The pent-up feelings could endure no more, and the tears rolled down the cheeks of the scout like rain. His fingers again worked convulsively at his throat; and his breast heaved, as if it possessed a tenant of which it would be rid, by any effort, however desperate.
“Pathfinder! Pathfinder!” Mabel almost shrieked; “anything but this, anything but this! Speak to me, Pathfinder! Smile again, say one kind word, anything to prove you can forgive me.”
“The Sergeant was wrong!” exclaimed the guide, laughing amid his agony, in a way to terrify his companion by the unnatural mixture of anguish and light-heartedness. “I knew it, I knew it, and said it; yes, the Sergeant was wrong after all.”
“We can be friends, though we cannot be man and wife,” continued Mabel, almost as much disturbed as her companion, scarcely knowing what she said; “we can always be friends, and always will.”
“I thought the Sergeant was mistaken,” resumed the Pathfinder, when a great effort had enabled him to command himself, “for I did not think my gifts were such as would please the fancy of a town-bred girl.

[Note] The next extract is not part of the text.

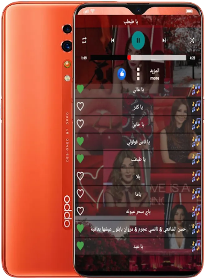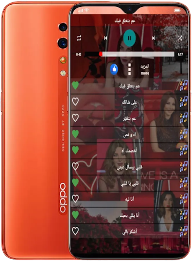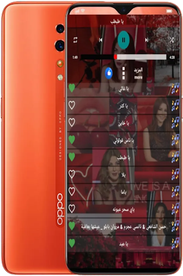 We present to you the Nancy Ajram songs application without Net 2023, an application that contains all the old and new Nancy Ajram 2023 songs. The application of Nancy Ajram songs without Internet 2023 is also characterized by many features such as a distinctive, elegant and easy-to-use design + the addition of all new and exclusive Nancy Ajram songs 2023 immediately upon their release. Works without the Internet. Very high sound accuracy and purity when listening. The feature of listening to songs and using other applications, and there is also the feature of filming while listening to the song at the same time, the feature of adding songs to the favorites list, and many exclusive features in the application of Nancy Ajram songs without Net 2023

It would have been better, Mabel, had he not over-persuaded me into a different notion; and it might have been better, too, had you not been so pleasant and confiding like; yes, it would.”
“If I thought any error of mine had raised false expectations in you, Pathfinder, however unintentionally on my part, I should never forgive myself; for, believe me, I would rather endure pain in my own feelings than you should suffer.”
“That's just it, Mabel, that's just it. These speeches and opinions, spoken in so soft a voice, and in a way I'm so unused to in the woods, have done the mischief. But I now see plainly, and begin to understand the difference between us better, and will strive to keep down thought, and to go abroad again as I used to do, looking for the game and the inimy. Ah's me, Mabel! I have indeed been on a false trail since we met.”
“In a little while you will forget all this, and think of me as a friend, who owes you her life.”
“This may be the way in the towns, but I doubt if it's nat'ral to the woods. With us, when the eye sees a lovely sight, it is apt to keep it long in view, or when the mind takes in an upright and proper feeling, it is loath to part with it.”
“You will forget it all, when you come seriously to recollect that I am altogether unsuited to be your wife.”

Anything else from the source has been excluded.